An oil refinery that went bust has seen its immediate future secured under a deal that will provide it with work for the next three months.
The Coryton plant in Essex, which supplies 20% of fuel in London and the South East, was recently plunged into administration by its Swiss owner Petroplus, prompting fears of up to 1,000 job losses.
However a consortium of financiers has now reached an agreement with administrators PwC that will see them pay to refine oil at the plant for the next three months.
Normally, Coryton would own the oil it refines but this temporary deal will see the plant's services effectively hired out by the consortium, who will supply their own oil.
The deal, involving Morgan Stanley bank and private equity firms KKR Asset Management and AtlasInvest, will allow work to continue and give administrators extra time to look for a buyer or seek a refinancing.

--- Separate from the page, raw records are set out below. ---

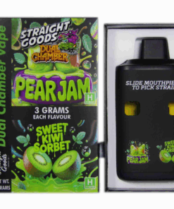 Straight Goods 6g Dual Chamber Vape – Pear Jam + Sweet Kiwi Sorbet is a high-capacity cannabis vaporizer offering two distinct flavour/strain profiles in a single premium disposable device. With two independently sealed 3g chambers (6g total), this vape lets you switch between Pear Jam and Sweet Kiwi Sorbet effortlessly, perfect for variety without carrying multiple pens.
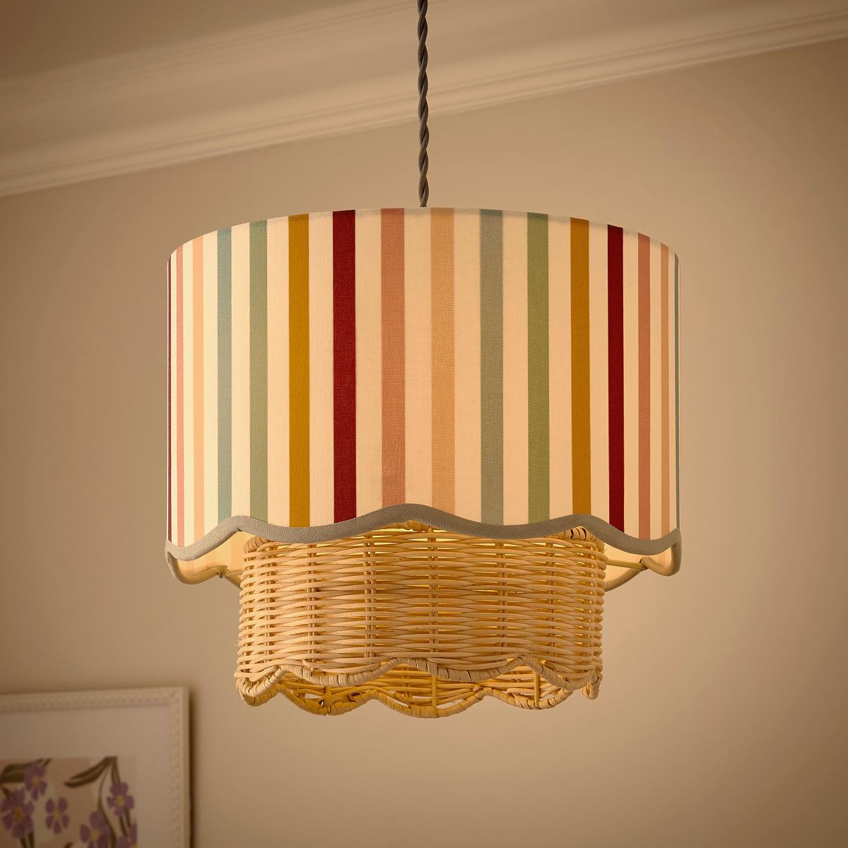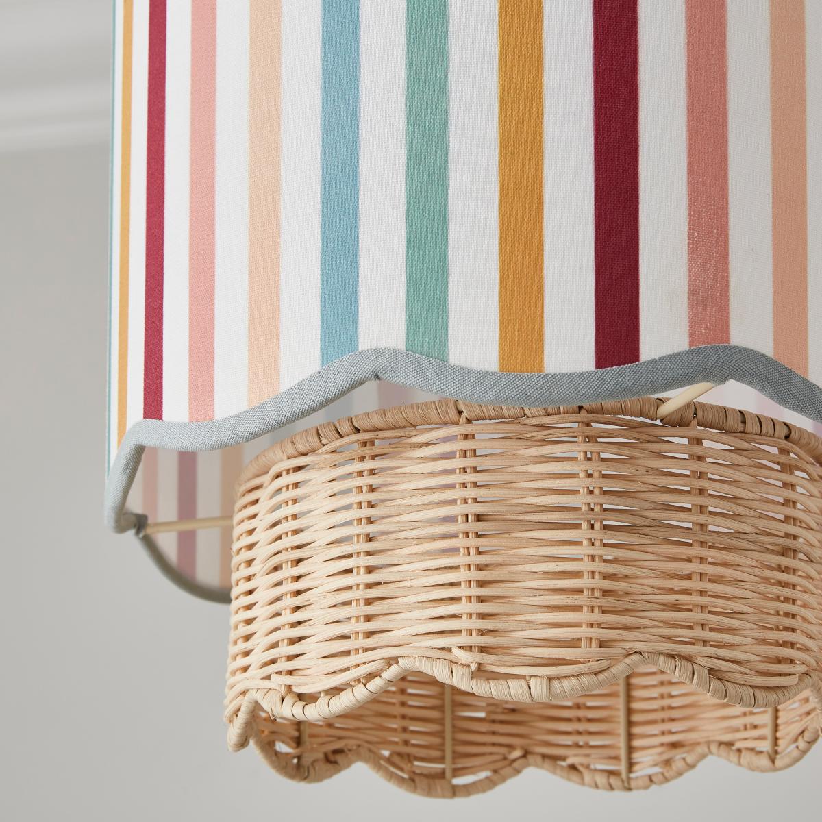 I love this playful but versatile pendant shade for adding a pop of colour and personality to a space. Its multicoloured stripes make it a great feature piece in a neutral or pastel-toned room, particularly in kitchens, dining areas, or children's spaces where a bit of fun is welcome. To style it effectively, consider pairing with simple, understated décor so it can stand out without competing with other patterns or bold furnishings. It also works well with natural textures, like wicker or wood, to enhance its casual, cheerful vibe. For a cohesive look, keep the rest of your lighting understated, so the shade remains the focal point.
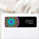 Colourful kaleidoscope with a bright teal colour in the centre. Yellow waves flowing out over orange and aqua colours ending up in red and purple.
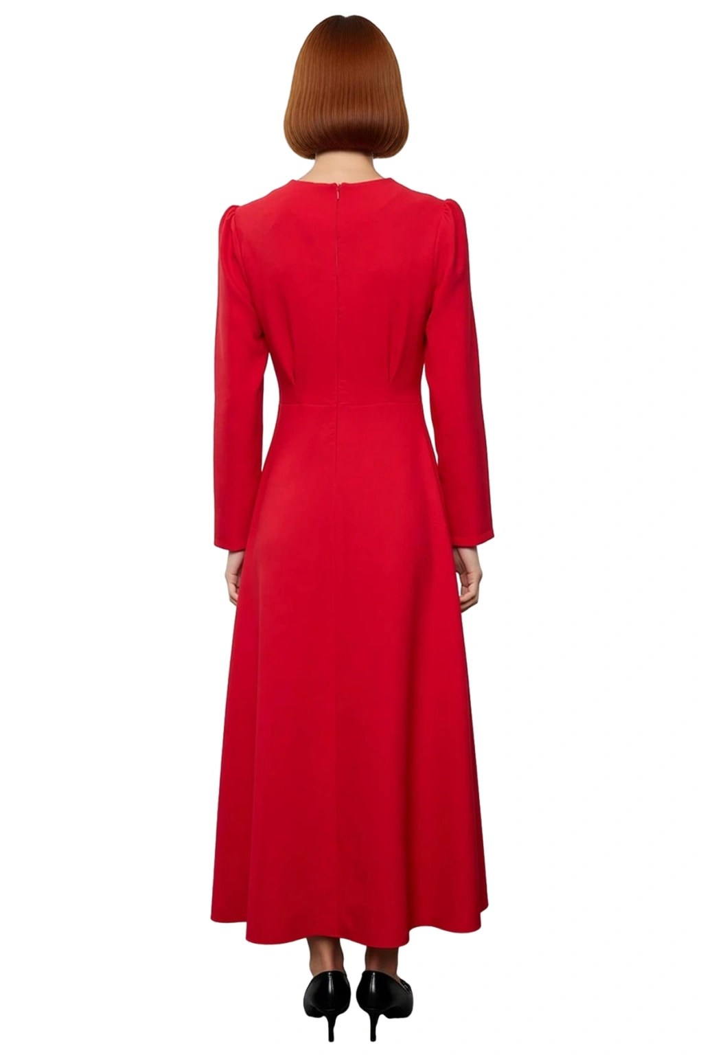 Kadınlar için tasarlanan bu düz desen kırmızı dokuma maxi elbise, modern ve asil duruşuyla dikkat çekiyor. Skater kalıbı sayesinde belden hafifçe oturan ve etek kısmında zarifçe genişleyen kesimi, her bedende feminen bir siluet oluşturur. Yüksek oranlı polyester ve elastan karışımı materyali, dokuma kumaşın dayanıklılığı ve esnekliği ile birleşerek gün boyu üstün konfor sağlar. Göz alıcı kırmızı rengi ve desensiz tasarımı, minimal şıklığı sevenlerin tercihi olurken, uzun kollu yapısı mevsim geçişlerinde ideal bir seçenektir. Bu elbise, Cool & Comfort personasına uygun olarak hem rahat hem de şık hissetmenizi garantiler.

It comes after administrators earlier this month acquired a cargo of oil to keep work going and buy the stricken plant some breathing space.
PwC was recently reported to have received more than 40 expressions of interest for the plant from companies around the world and is still in discussions with potential buyers.
Joint administrator at PwC, Steven Pearson, said: "I am delighted to have reached this arrangement. It is the culmination of constructive negotiations over many days and it creates vital stability at the refinery whilst we find a restructuring solution."
Unite national officer Linda McCulloch said the deal was a welcome development which eases the pressure on the workers.
Energy Minister Charles Hendry added that it represented excellent progress for the refinery and was an outstanding example of the whole local community working together.